── WORKING DATA

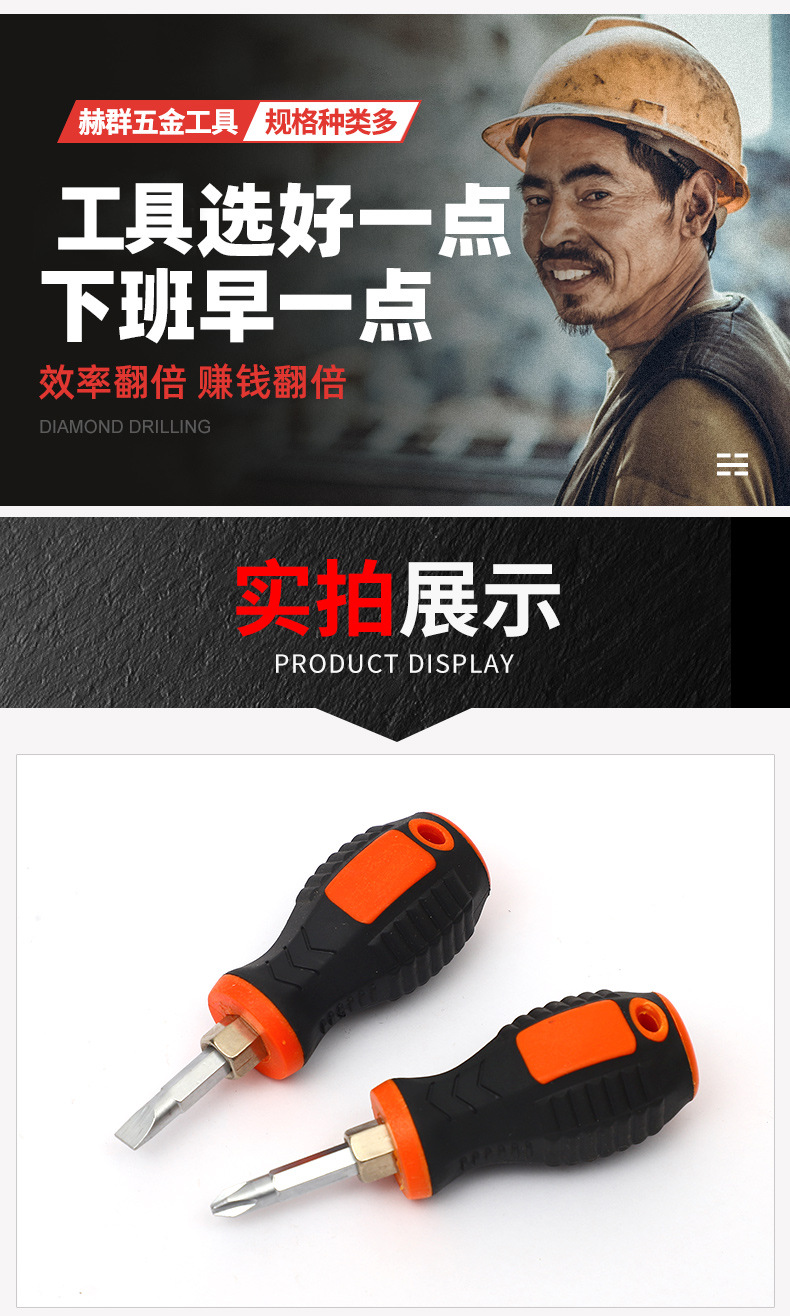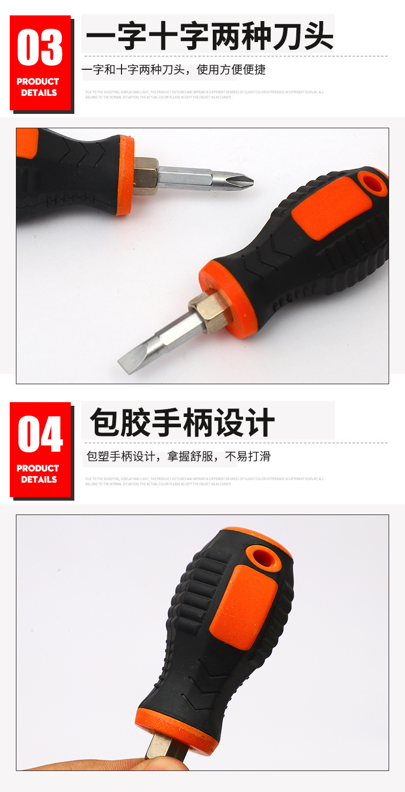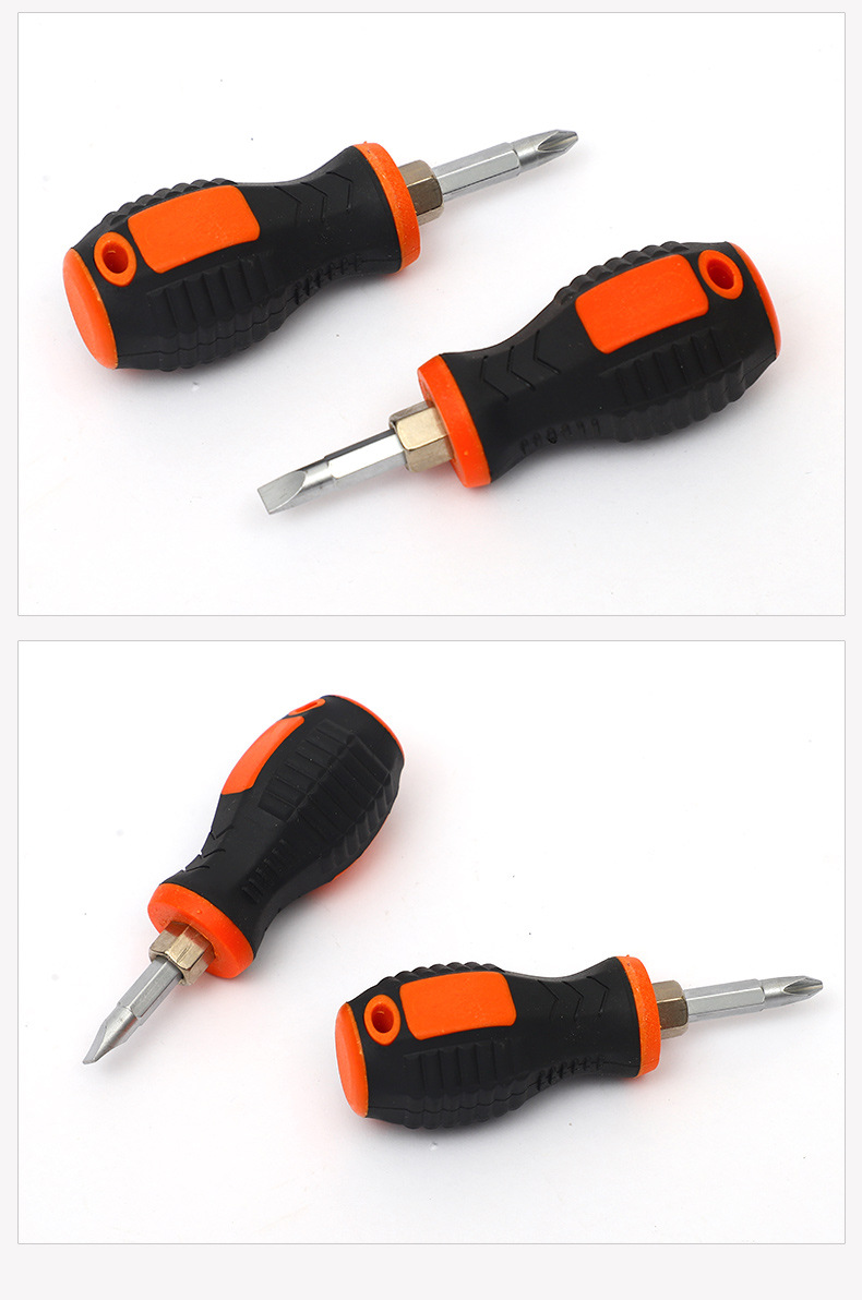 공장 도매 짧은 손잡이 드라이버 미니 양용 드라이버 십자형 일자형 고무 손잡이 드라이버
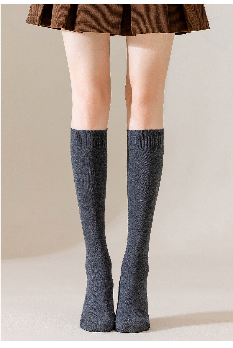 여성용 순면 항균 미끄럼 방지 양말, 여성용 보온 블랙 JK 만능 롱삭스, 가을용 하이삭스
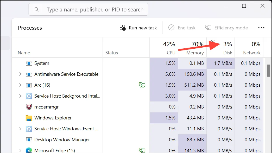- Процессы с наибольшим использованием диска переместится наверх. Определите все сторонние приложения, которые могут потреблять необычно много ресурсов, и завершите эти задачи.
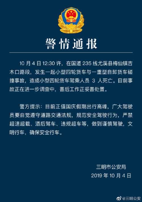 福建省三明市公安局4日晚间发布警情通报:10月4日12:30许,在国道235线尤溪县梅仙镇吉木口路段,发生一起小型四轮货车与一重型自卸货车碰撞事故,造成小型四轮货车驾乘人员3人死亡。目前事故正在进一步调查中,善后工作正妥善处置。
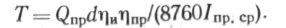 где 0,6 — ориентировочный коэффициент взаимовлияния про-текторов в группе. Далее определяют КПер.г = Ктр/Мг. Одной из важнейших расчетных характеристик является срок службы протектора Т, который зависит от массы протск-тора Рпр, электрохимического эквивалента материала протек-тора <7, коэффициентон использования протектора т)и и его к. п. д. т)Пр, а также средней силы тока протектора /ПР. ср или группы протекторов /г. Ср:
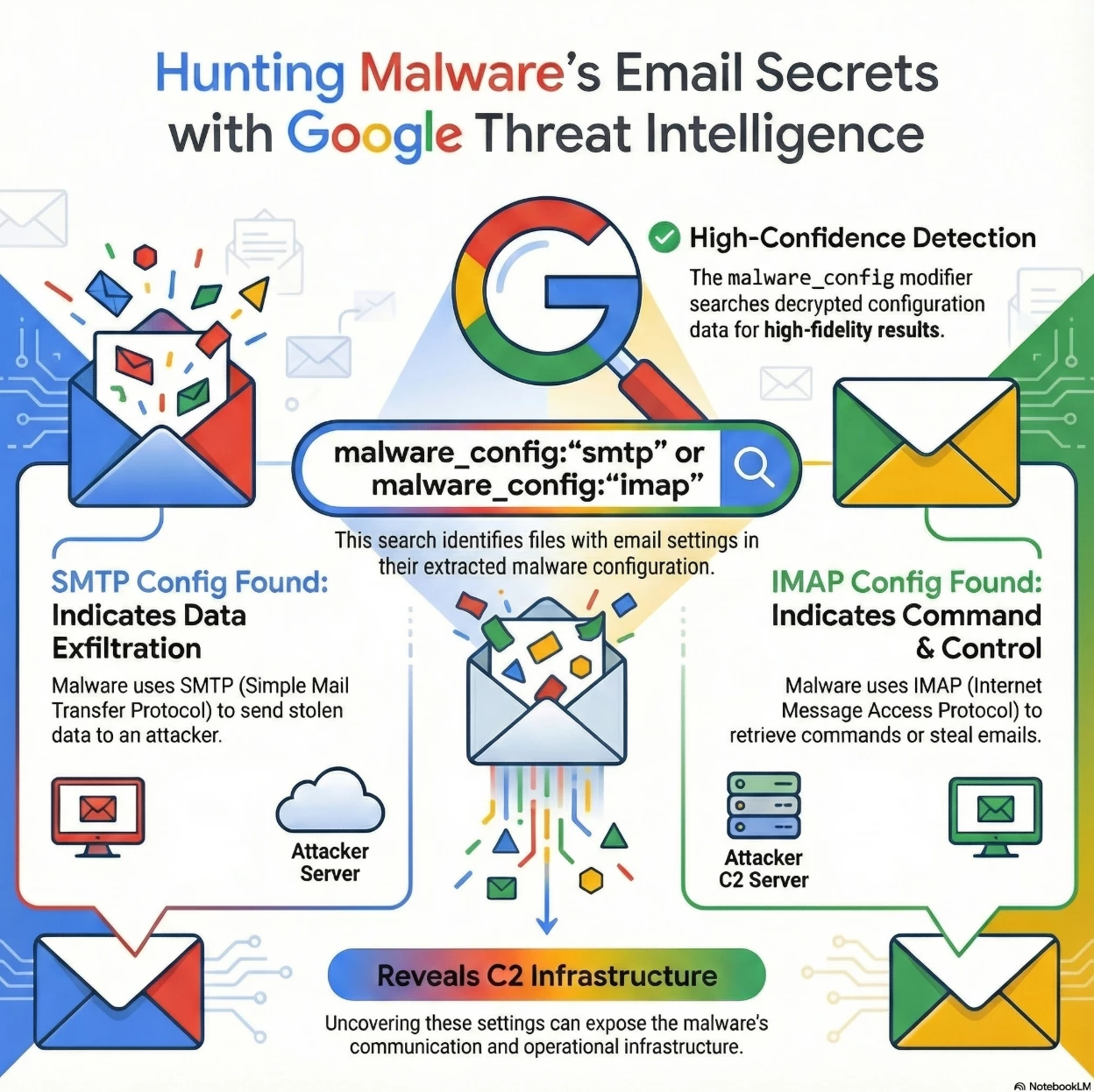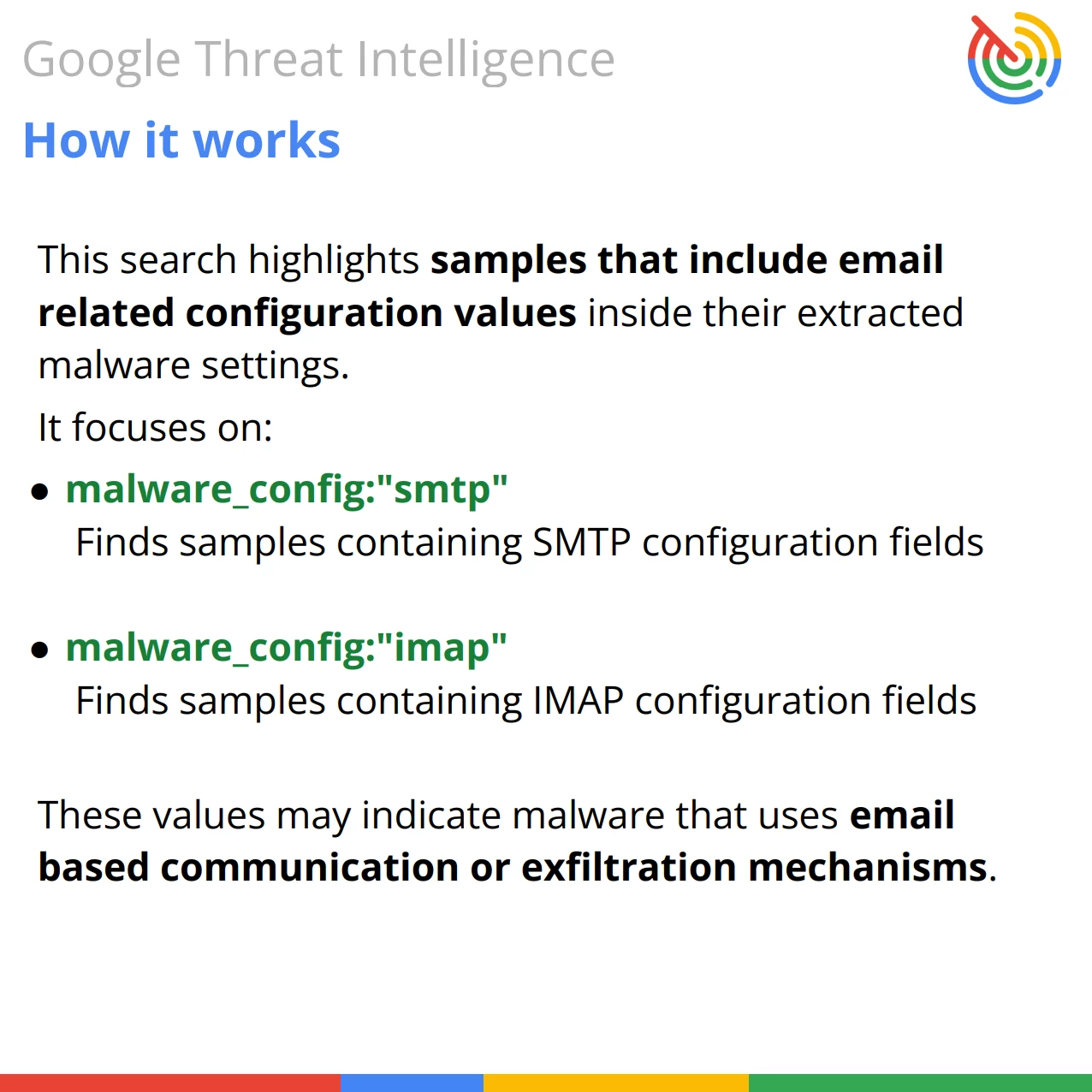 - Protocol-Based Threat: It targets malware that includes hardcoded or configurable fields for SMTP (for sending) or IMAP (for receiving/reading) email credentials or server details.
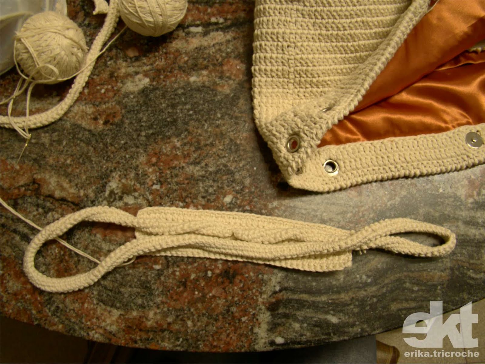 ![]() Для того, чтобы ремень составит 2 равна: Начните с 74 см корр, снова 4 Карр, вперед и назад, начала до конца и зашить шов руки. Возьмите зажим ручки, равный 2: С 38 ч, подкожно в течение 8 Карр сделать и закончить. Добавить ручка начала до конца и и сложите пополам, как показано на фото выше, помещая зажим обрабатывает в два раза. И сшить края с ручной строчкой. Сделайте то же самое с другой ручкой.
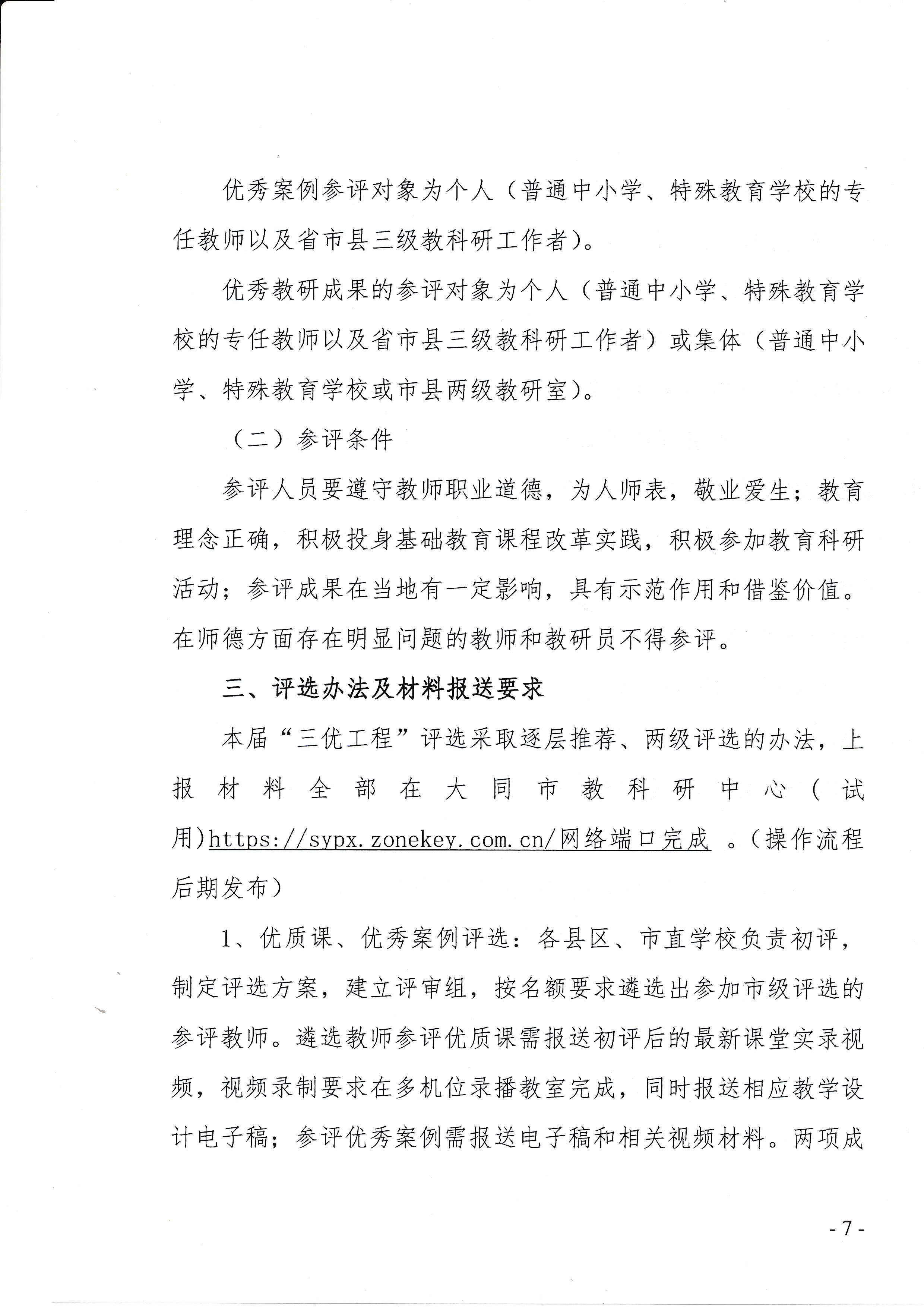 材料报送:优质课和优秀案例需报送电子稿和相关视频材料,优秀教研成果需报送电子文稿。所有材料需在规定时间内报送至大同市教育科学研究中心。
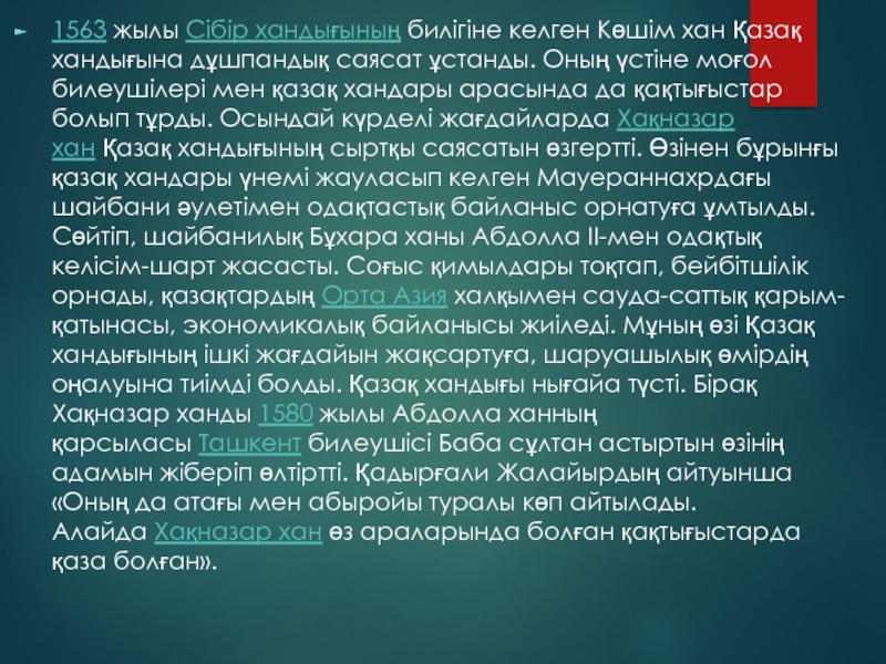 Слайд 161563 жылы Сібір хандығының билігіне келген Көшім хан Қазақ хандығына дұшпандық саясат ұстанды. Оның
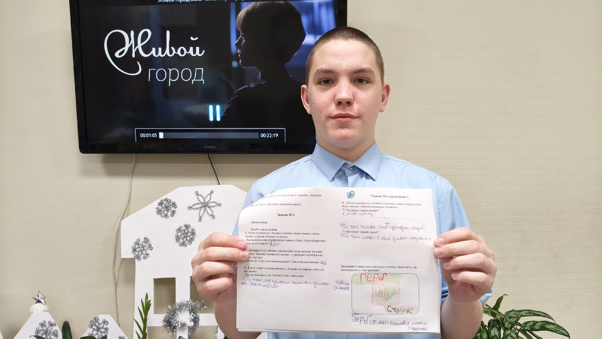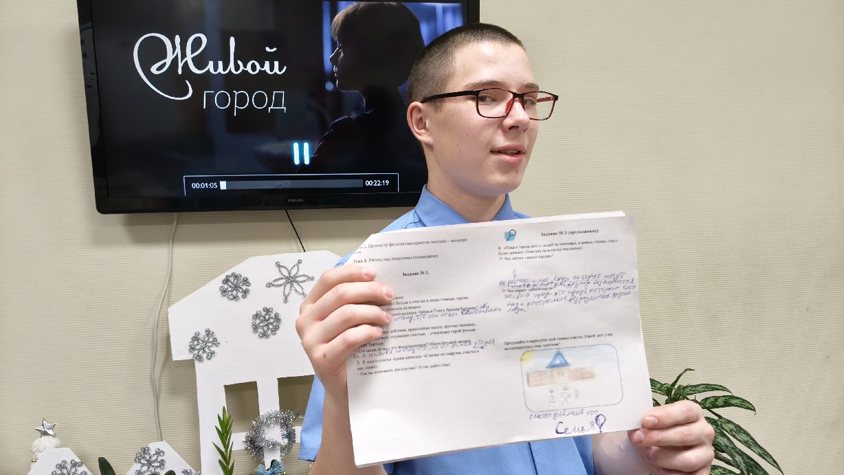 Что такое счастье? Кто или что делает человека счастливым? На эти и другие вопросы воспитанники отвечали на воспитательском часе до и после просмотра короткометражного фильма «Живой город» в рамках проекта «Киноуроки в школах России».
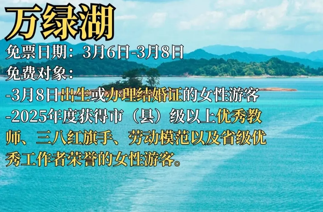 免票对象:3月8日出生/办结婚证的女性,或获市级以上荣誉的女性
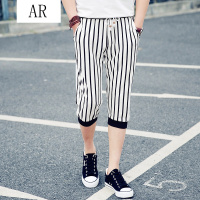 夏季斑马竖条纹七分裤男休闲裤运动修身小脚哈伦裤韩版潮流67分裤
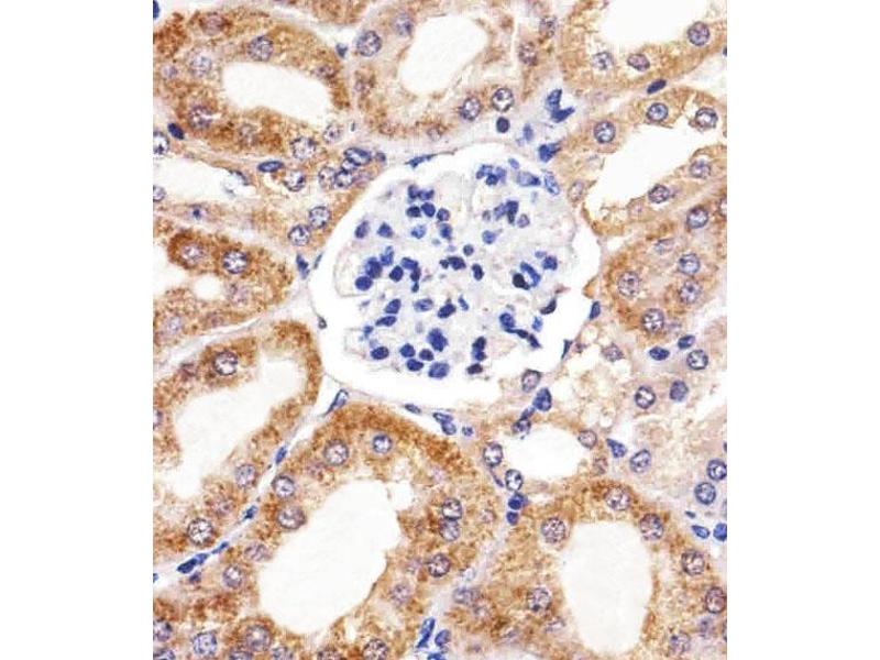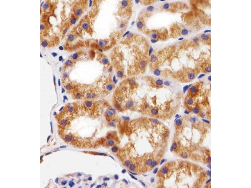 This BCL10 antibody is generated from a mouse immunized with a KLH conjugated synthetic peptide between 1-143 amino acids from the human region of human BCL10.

────

Starting with the line that has "福建省三明市公安局4日晚间发" and ending with the line that has "где 0,6 — ориентировочный", repeat the lines above exactly, omitting every picture.

 福建省三明市公安局4日晚间发布警情通报:10月4日12:30许,在国道235线尤溪县梅仙镇吉木口路段,发生一起小型四轮货车与一重型自卸货车碰撞事故,造成小型四轮货车驾乘人员3人死亡。目前事故正在进一步调查中,善后工作正妥善处置。
 где 0,6 — ориентировочный коэффициент взаимовлияния про-текторов в группе. Далее определяют КПер.г = Ктр/Мг. Одной из важнейших расчетных характеристик является срок службы протектора Т, который зависит от массы протск-тора Рпр, электрохимического эквивалента материала протек-тора <7, коэффициентон использования протектора т)и и его к. п. д. т)Пр, а также средней силы тока протектора /ПР. ср или группы протекторов /г. Ср:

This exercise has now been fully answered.